Brief:
- Food Network is expanding the conversational abilities of its Facebook Messenger chatbot by learning from past interactions with viewers, AdExchanger reported. The cooking channel last month added a "Meal Match" feature that presents personalized dinner ideas after users engage the bot in a conversation.
- Liesel Kipp, senior vice president of product and design at Food Network owner Scripps Networks, said the goal for the chatbot, which first launched in November 2016, is to make interactions with users more conversational and less transactional. The bot provides daily food tips and entertaining content beyond simple recipe ideas and now has a "surprise me" button for users looking for inspiration but unsure of where to get started.
- The chatbot's audience grew when Facebook's M virtual assistant began suggesting users add Food Network to conversations about cooking and let users add the channel to conversations themselves.
Insight:
As Food Network demonstrates, marketers need to continually develop a chatbot's functionality by adding features and learning from past interactions with users to expand its vocabulary and capabilities. Facebook is among the tech companies that are working to improve the sophistication of chatbot conversations and make them more seamless with other features, such as handing off a chat to a live human being when appropriate.
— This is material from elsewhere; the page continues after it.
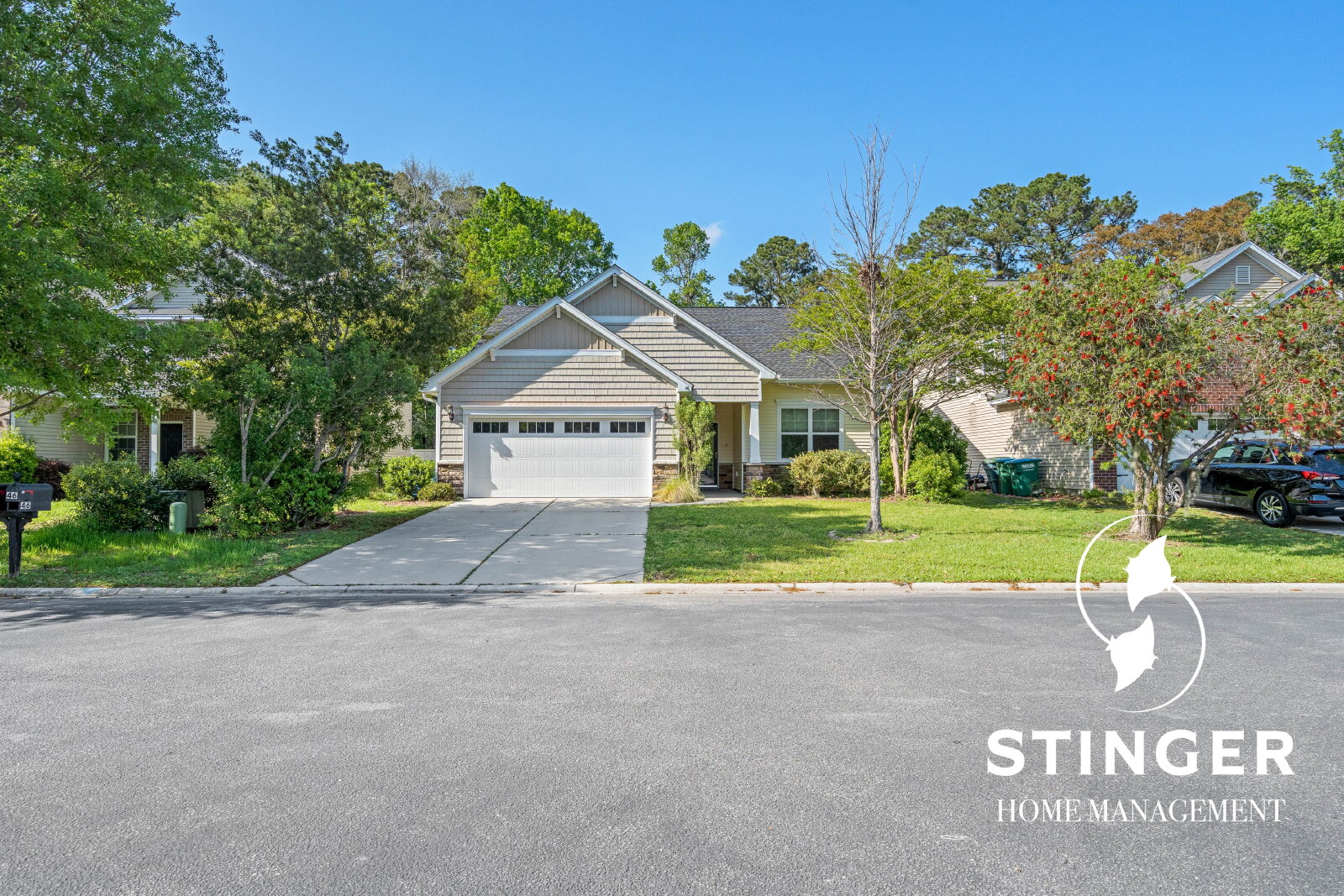 - Attached two-car garage with a large driveway
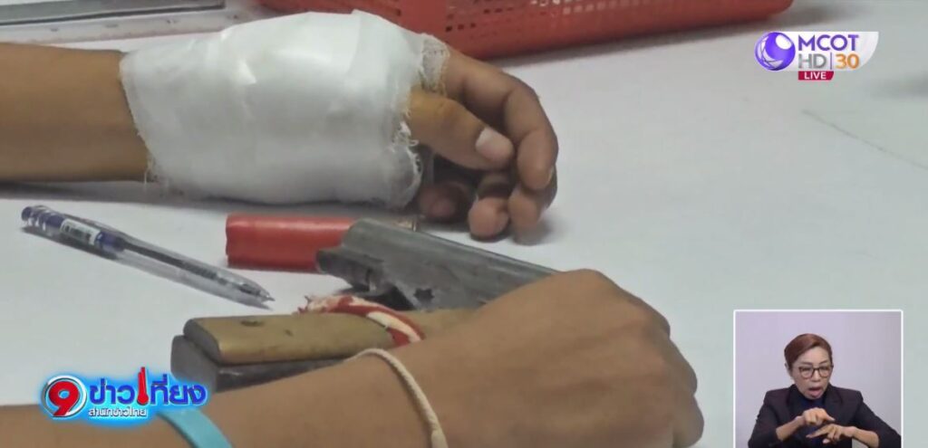 สอบถามแม่ของมือยิง ซึ่งเป็นภรรยาของผู้ตาย บอกว่า ช่วงเกิดเหตุหลังกินข้าวเสร็จ ลูกชายทะเลาะกับพ่อเลี้ยง เรื่องเปิดไฟในบ้าน พ่อเลี้ยงคว้ามีดดาบมาทำร้ายลูกชาย ตนเองพยายามห้ามแต่ไม่เป็นผลจนสุดต้าน ลูกชายกลับเข้าไปในห้องหยิบปืนมายิงสวนจนพ่อเลี้ยเสียชีวิต ทั้งสองคนปกติไม่ค่อยมีปากเสียงกัน ยกเว้นบางวันที่พ่อเลี้ยงเมา ส่วนสาเหตุเกิดจากการทะเลาะกันเรื่องไฟเปิดไฟสว่างไม่ได้นอนเท่านั้น

While chatbots have been criticized for clunky interactions, they have recently shown improvement, according to a September study by Dashbot, a bot analytics platform. The company found that two-thirds of chatbots responded appropriately with a greeting, introduction or welcome message, compared with only 60% a year earlier.
Unfortunately, one-third of bots couldn’t handle popular conversation starters like “hi” or “hello.” Those bots responded with unrelated, error or “I don’t know” messages or failed to react at all, Dashbot found. Brand marketers need to test out chatbots to ensure that they can politely handle basic conversations or provide links to additional resources when consumers engage with a bot for customer support.
The updated chatbot is the latest effort in Food Network's push toward integrating emerging technology into the brand's mobile capabilities. In June, it launched a visual skill for Amazon's Echo Show for consumers to search instructive cooking videos and recipes on the visual- and voice-based device while following along hands-free.